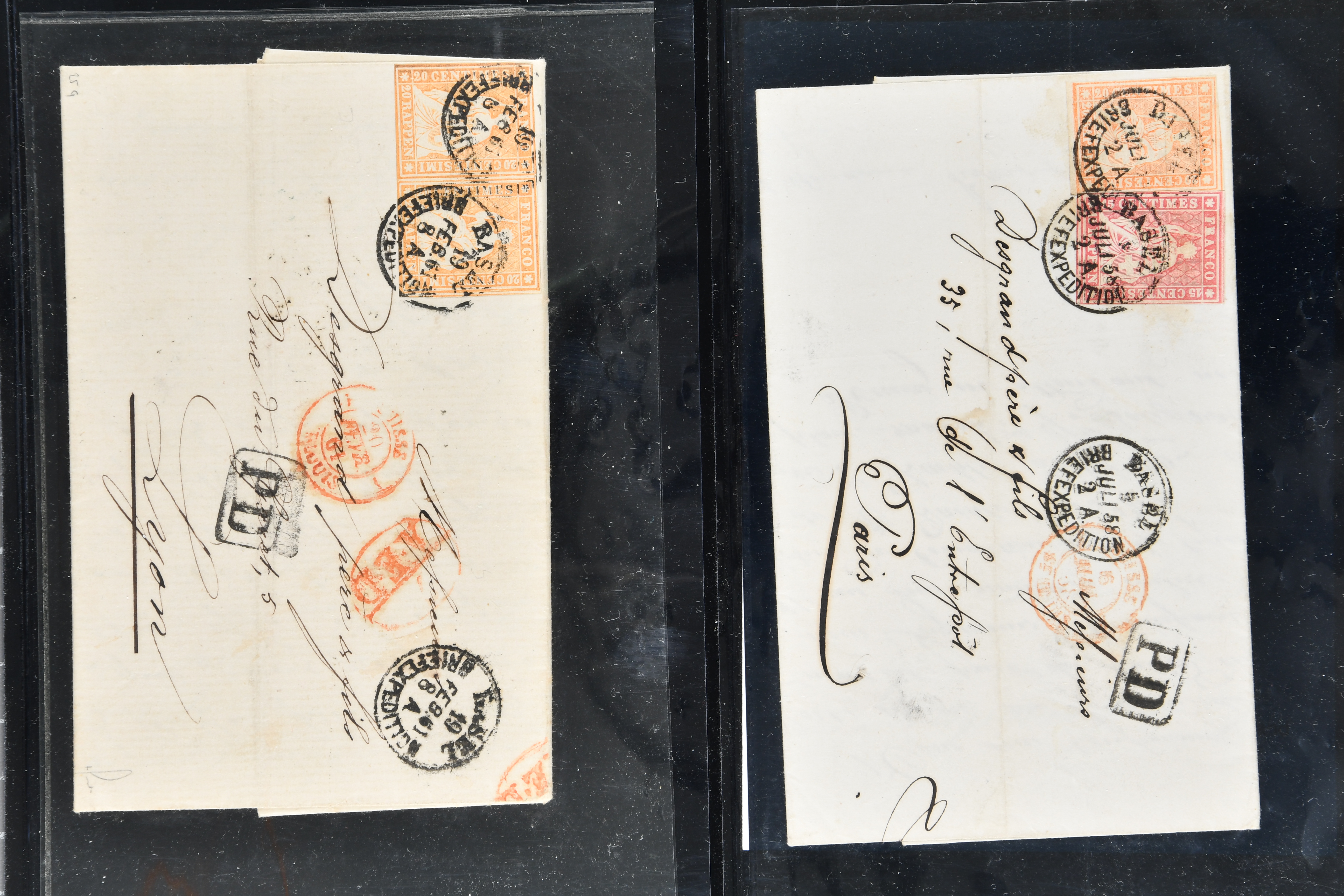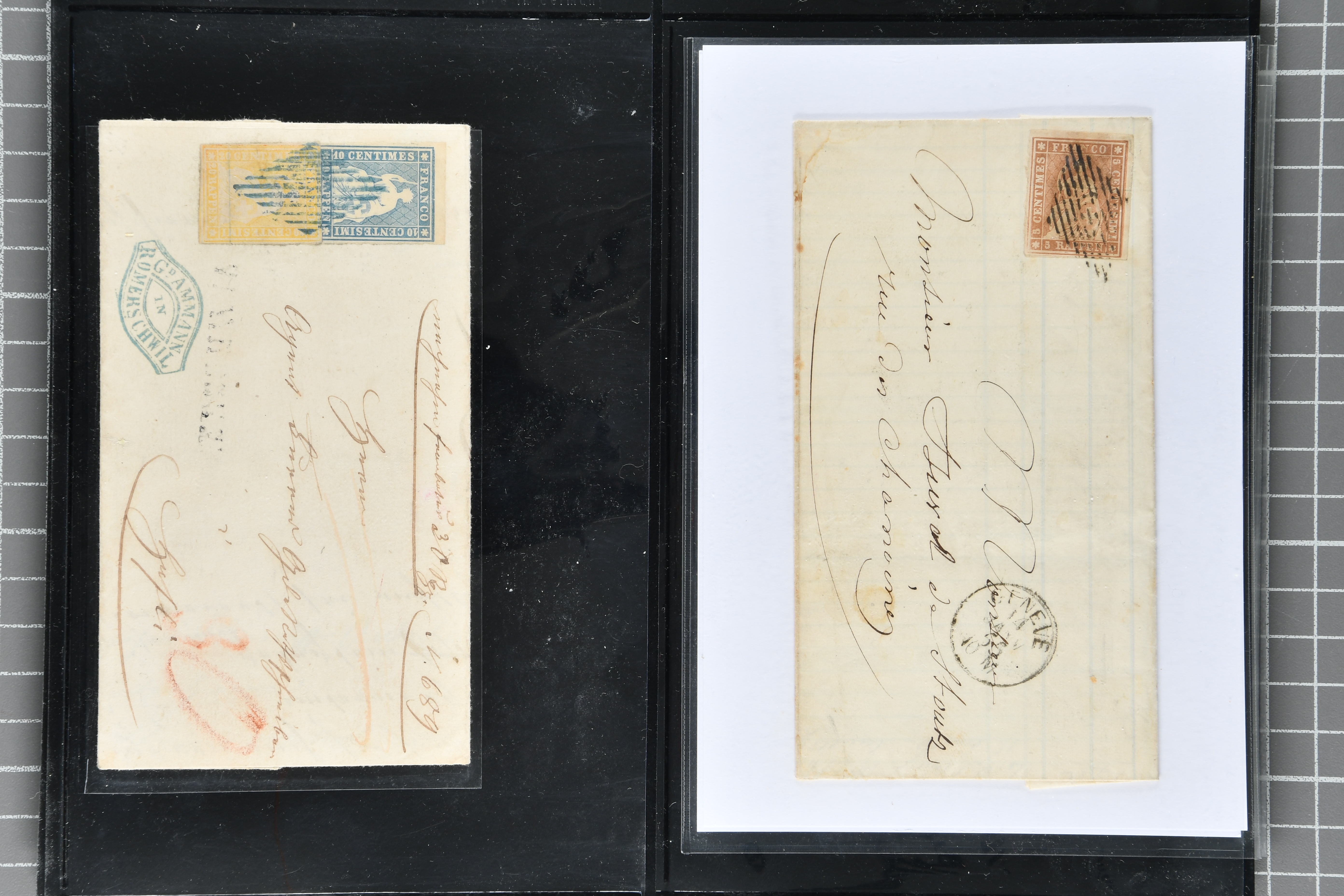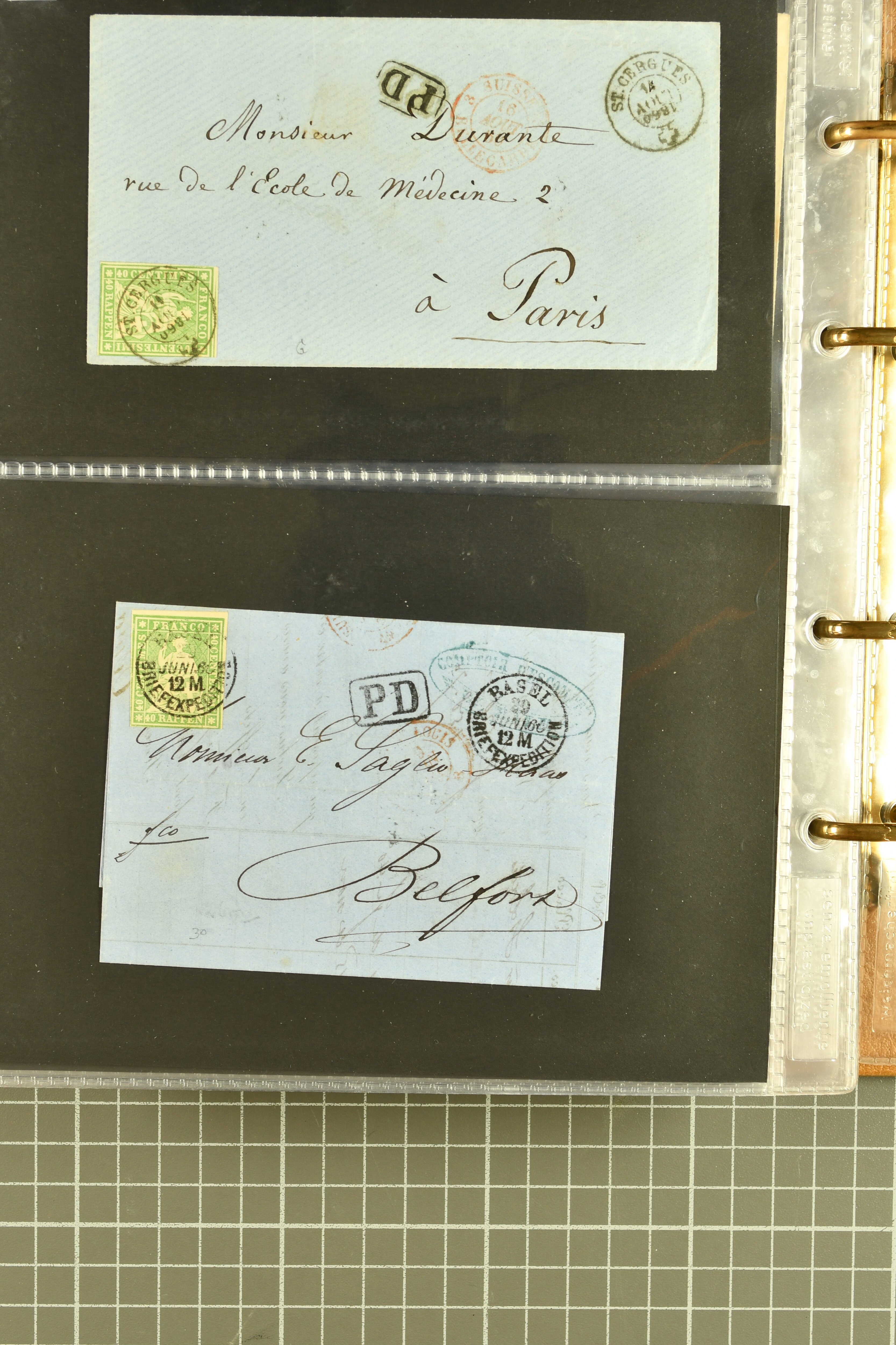 9788 cover image1854/62: Lot sechs bessere Auslandsfrankaturen. Dabei 40 Rp. gelboliv (SBK 26Aa) auf Faltbrief von Zürich nach Morchenstern (Smrzkova), Böhmen, 1 Fr. grau und 15 Rp. karmin (SBK 27D+24D) auf sauberem Transatlantikbrief von Zürich nach New York, Dreifarbenfrankatur 10 Rp. blau mit grossem Teil der linken Nebenmarke, 20 Rp. gelblichorange und 40 Rp. grünlicholiv mit breitem Bogenrand links (SBK 23C+25D+26C) auf Faltbrief der 2. Gewichtsstufe von Genf nach St. Etienne, Frankreich, 15 Rp. karmin (2, SBK 25D) und 40 Rp. grünlicholiv (SBK 26C) als ident. Porto auf Faltbrief von Genf nach Marseille, 10 Rp. blau und 40 Rp. oliv (SBK 23G+26G) auf Briefcouvert von Unterseen nach Hohenelbe (Vrchlabí), Böhmen sowie 15 Rp. karminrot (2, SBK 25D) auf Faltbrief von Altdorf nach Kempten im Allgäu. Unterschiedliche Erhaltung aber eine gehaltvolle und seltene Zusammenstellung; ein Attest Marchand (2007) für 26Aa. SBK=CHF 5'700+ (Image 1) (Image 2) (Image 3) (Image 4) (Image 5)
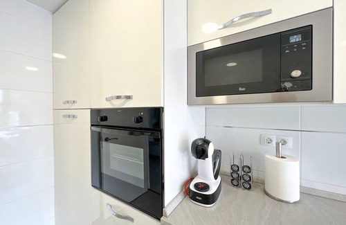 Layout: Elevator, Living room(TV, dining table, seating area), open kitchen(electric kettle, toaster, coffee machine, oven, microwave, dishwasher, fridge-freezer, dishes and cutlery), bedroom(double bed, TV), bathroom(shower), Internet access, Internet access, washing machine, balcony, air conditioning, garden, swimming pool(shared with other guests, including part for children (depth 50cm)), iron, air to air heatpump
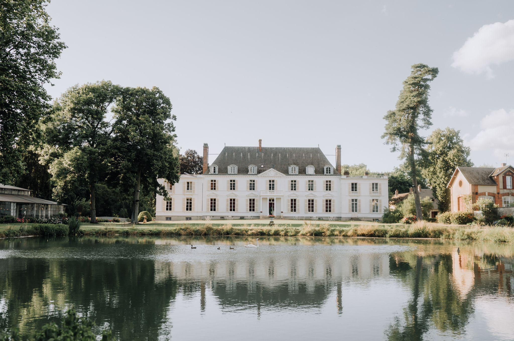 "Chateau Barthélemy, with its romantic lake, vast grounds, and glass-roofed reception space, is a magical spot for a countryside wedding near Paris."
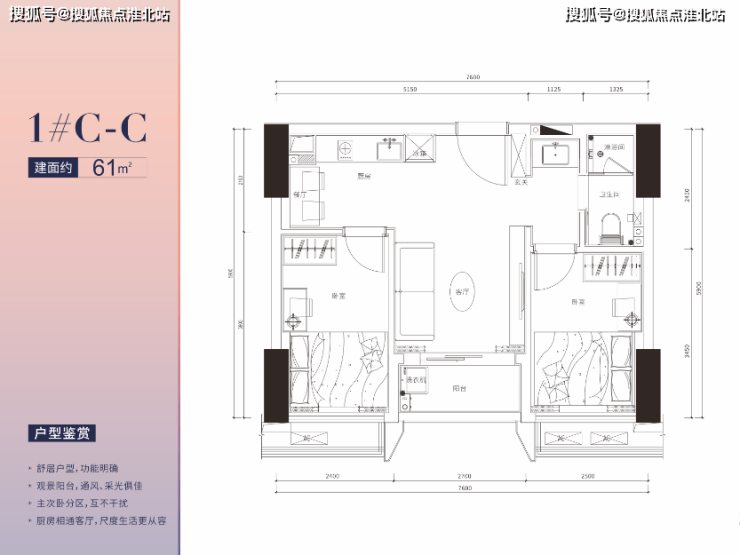 项目约61㎡/68㎡两房一卫户型正在热销,可满足青年情侣、三口之家等多种人群的居住需求,覆盖人群非常广。
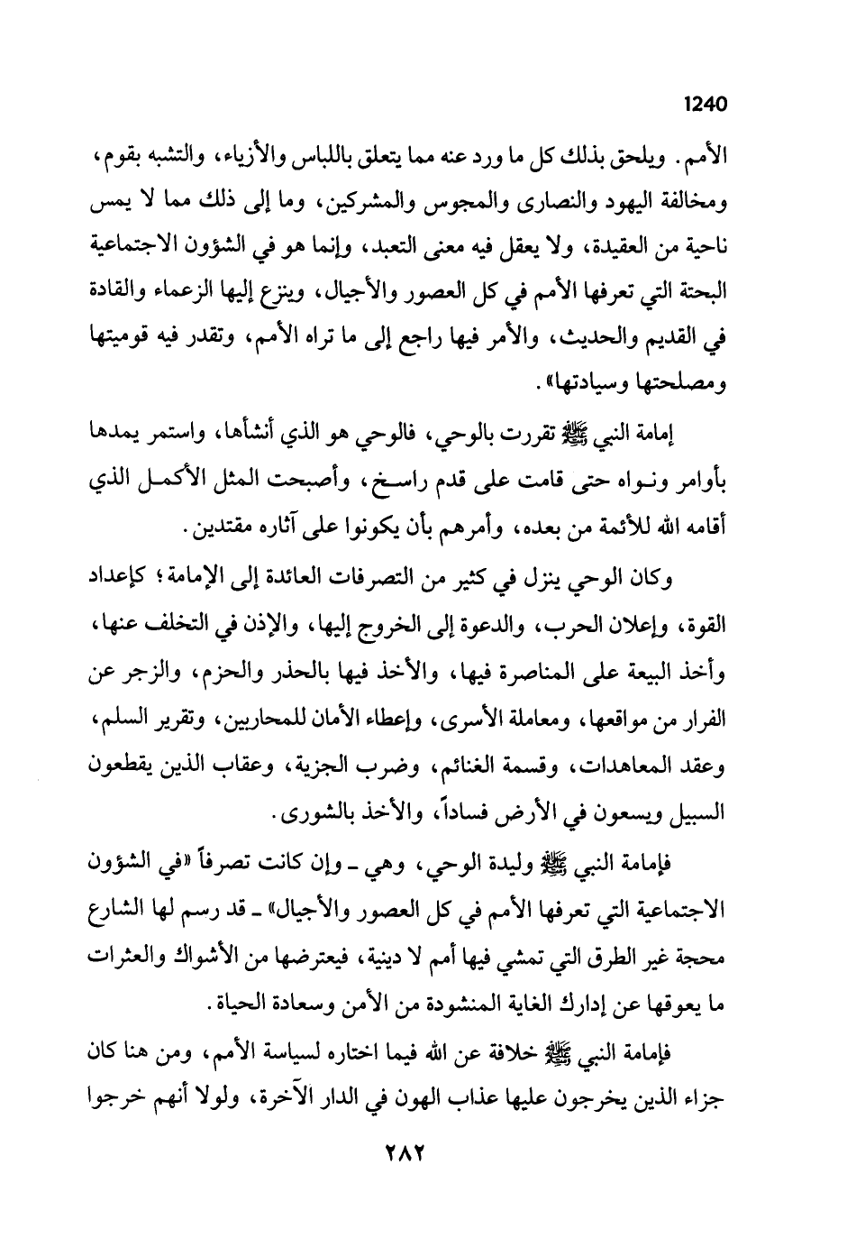 فإمامة النبي - صلى الله عليه وسلم - وليدة الوحي، وهي - وإن كانت تصرفاً "في الشؤون الاجتماعية التي تعرفها الأمم في كل العصور والأجيال"- قد رسم لها الشارع محجة غير الطرق التي تمشي فيها أمم لا دينية، فيعترضها من الأشواك والعثرات ما يعوقها عن إدارك الغاية المنشودة من الأمن وسعادة الحياة.
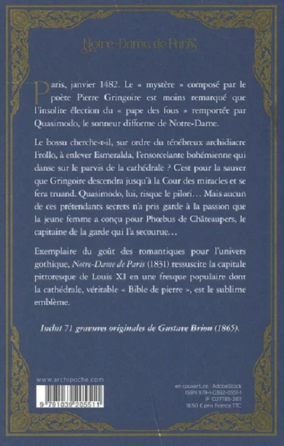 L'un des plus célèbres romans Victor Hugo, Notre-Dame de Paris , dans une élégante édition semi-poche entièrement illustrée qui Inclut 71 gravures originales de Gustave Brion (1865).
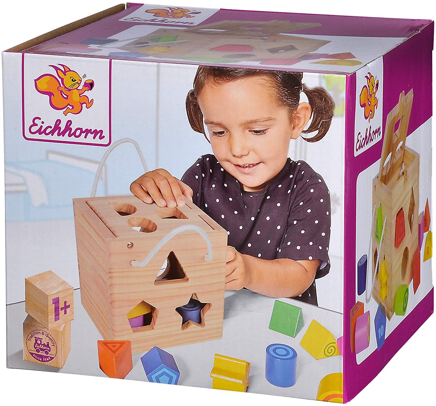 | Name | Eichhorn Steckwürfel aus Holz, Kiefernholz, Motorikwürfel mit 12 Steckbausteinen, Holzspielzeug für Kinder ab 12 Monaten, Größe: 14,5x14,5x14,5 cm |
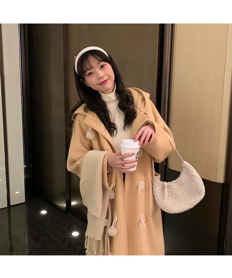 2022 女性ソリッドホーンボタンロングウールコートフード付き甘いオーバーコート女性の冬プレッピースタイル Outerwears 大人ガーリー スウィート キュート カジュアル ウィンター 冬物 ソリッドカラー bel19341201560 | aliel
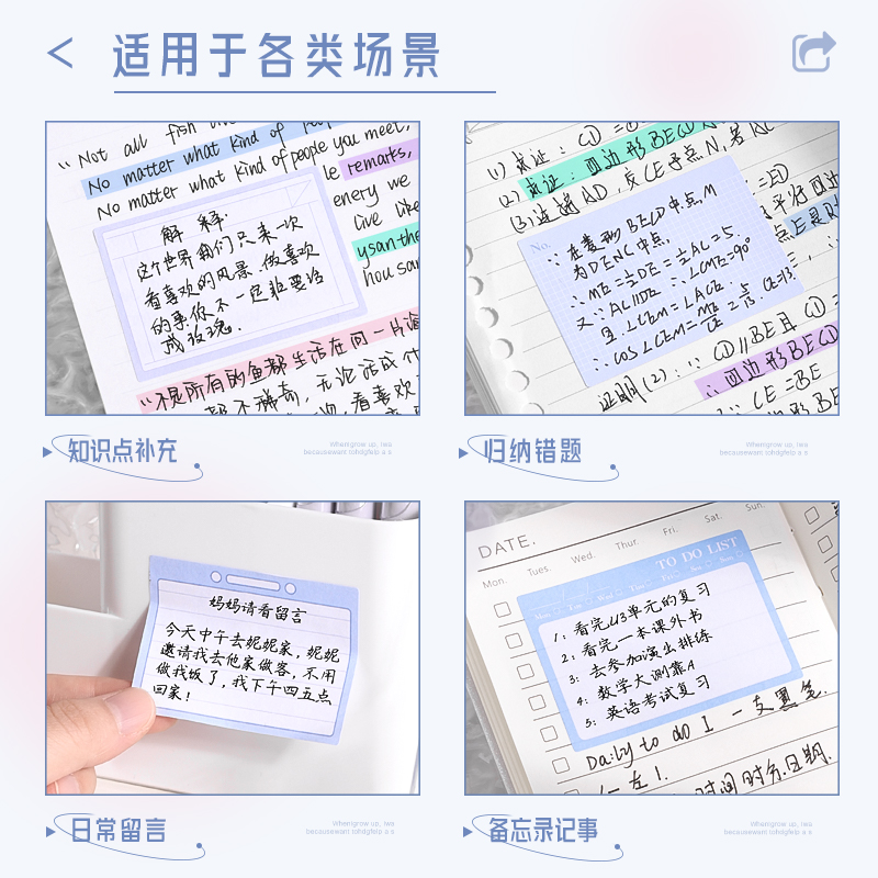 任意扩张贴便利贴不遮挡文字透明可折叠考研小学生用可撕有粘性便签贴纸初高中生记笔记贴订正错题办公便利贴
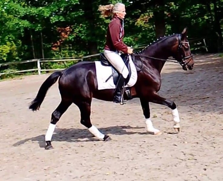 Der Wallach ist ein unkomplizierter und besonders liebenswerter 3j., der eine hohe Grundqualität in allen drei GGA besitzt. Besonders hervorzuheben ist sein schwungvoller, lockerer und taktreiner Trab. Dieser und seine hervorragende Rittigkeit qualifizieren ihn für eine erfolgreiche Karriere im höheren Dressursport. Für ihre qualitativ hochwertigen Nachkommen erhielt seine Großmutter den Titel: "Elitestute". U.a. ist ein Bruder von dem Wallach Mutter bis Inter II erfolgreich. Seine Bereiterin ist besonders beeindruckt von seinem sehr guten Charakter. Erst seit Juni in Beritt, zeigt sich der Wallach stets arbeitsfreudig, unkompliziert und zuverlässig, was besonders dadurch deutlich wird, dass sie ihn im Gelände reitet. Im Umgang ist er ein Schatz und er stand bisher mit Wallachen und auch Stuten zusammen, wobei er sich sehr sozial zeigt. Auch beim Freispringen ist er geschickt und motiviert. Der Wallach ist ein Pferd, welches keine Wünsche offen lässt, sogar ein Röntgen TÜV o.b.B. incl. Hals und Rücken liegt vor. Wir erheben KEINE Gebühren fürs Probereiten sondern freuen uns über Ihren Besuch.
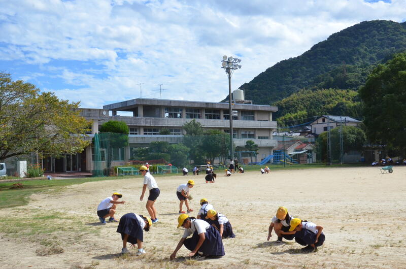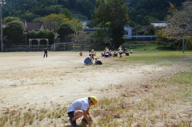 9月19日 業間に児童会運営人権委員会がクリーンタイムを呼びかけ、運動場の草引きをしました。運動場はまだ夏の暑さが残っていますが、子供たちは委員会のアナウンスをよく聞き、短時間にたくさんの草を引こうとしていました。運動会に向けて、少しずつ運動場の整備をしようと、子供たちが主体的に草引きをしようとしていたことが嬉しいです。
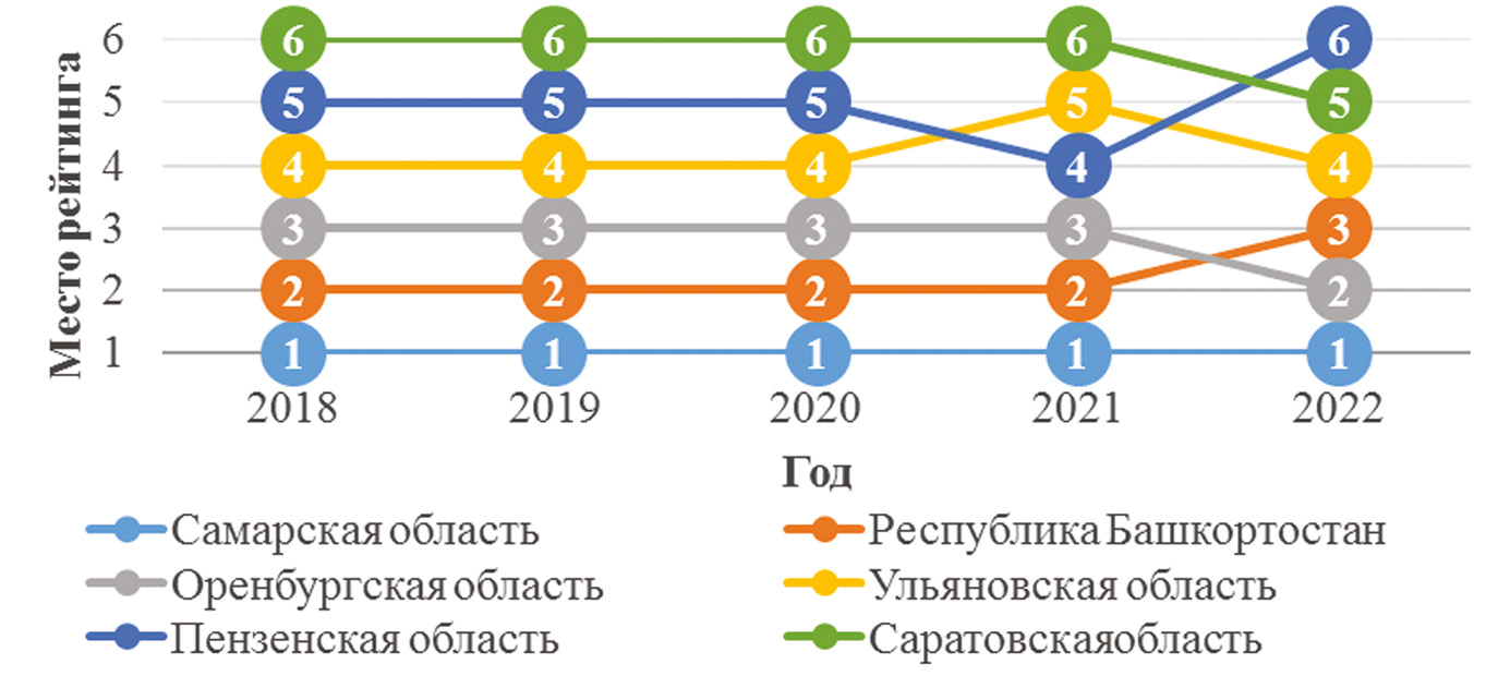 Рис. 1. Рейтинг субъектов РФ, входящих в состав Волго-Уральского макрорегиона, по значению интегрального показателя социально-экономического развития в 2018–2022 гг. [2]
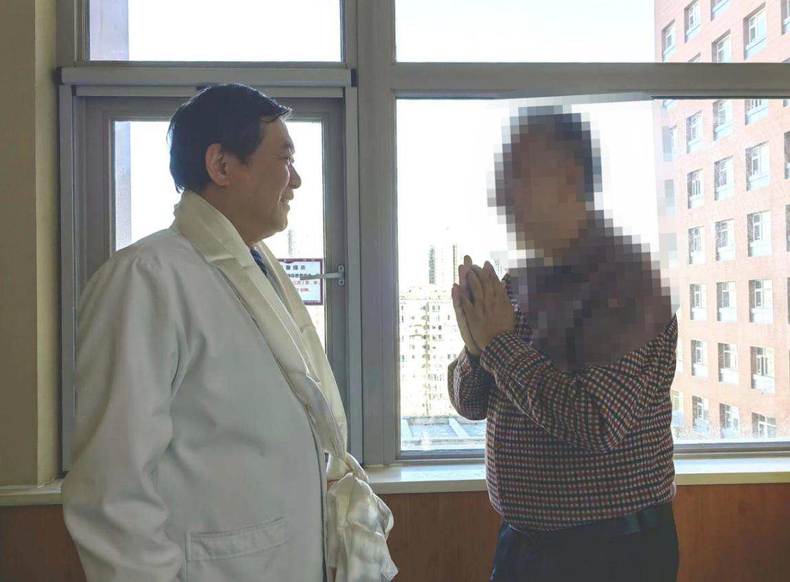 图为患者出院前对前来查房的董家鸿院士表示感谢

========================================================================

Task directions:
For this exercise, set down the lines in the entries above from the one with "فإمامة النبي - صلى" through the one with "任意扩张贴便利贴不遮挡文字透" exactly as written, without any pictures.

Solution:
 فإمامة النبي - صلى الله عليه وسلم - وليدة الوحي، وهي - وإن كانت تصرفاً "في الشؤون الاجتماعية التي تعرفها الأمم في كل العصور والأجيال"- قد رسم لها الشارع محجة غير الطرق التي تمشي فيها أمم لا دينية، فيعترضها من الأشواك والعثرات ما يعوقها عن إدارك الغاية المنشودة من الأمن وسعادة الحياة.
 L'un des plus célèbres romans Victor Hugo, Notre-Dame de Paris , dans une élégante édition semi-poche entièrement illustrée qui Inclut 71 gravures originales de Gustave Brion (1865).
 | Name | Eichhorn Steckwürfel aus Holz, Kiefernholz, Motorikwürfel mit 12 Steckbausteinen, Holzspielzeug für Kinder ab 12 Monaten, Größe: 14,5x14,5x14,5 cm |
 2022 女性ソリッドホーンボタンロングウールコートフード付き甘いオーバーコート女性の冬プレッピースタイル Outerwears 大人ガーリー スウィート キュート カジュアル ウィンター 冬物 ソリッドカラー bel19341201560 | aliel
 任意扩张贴便利贴不遮挡文字透明可折叠考研小学生用可撕有粘性便签贴纸初高中生记笔记贴订正错题办公便利贴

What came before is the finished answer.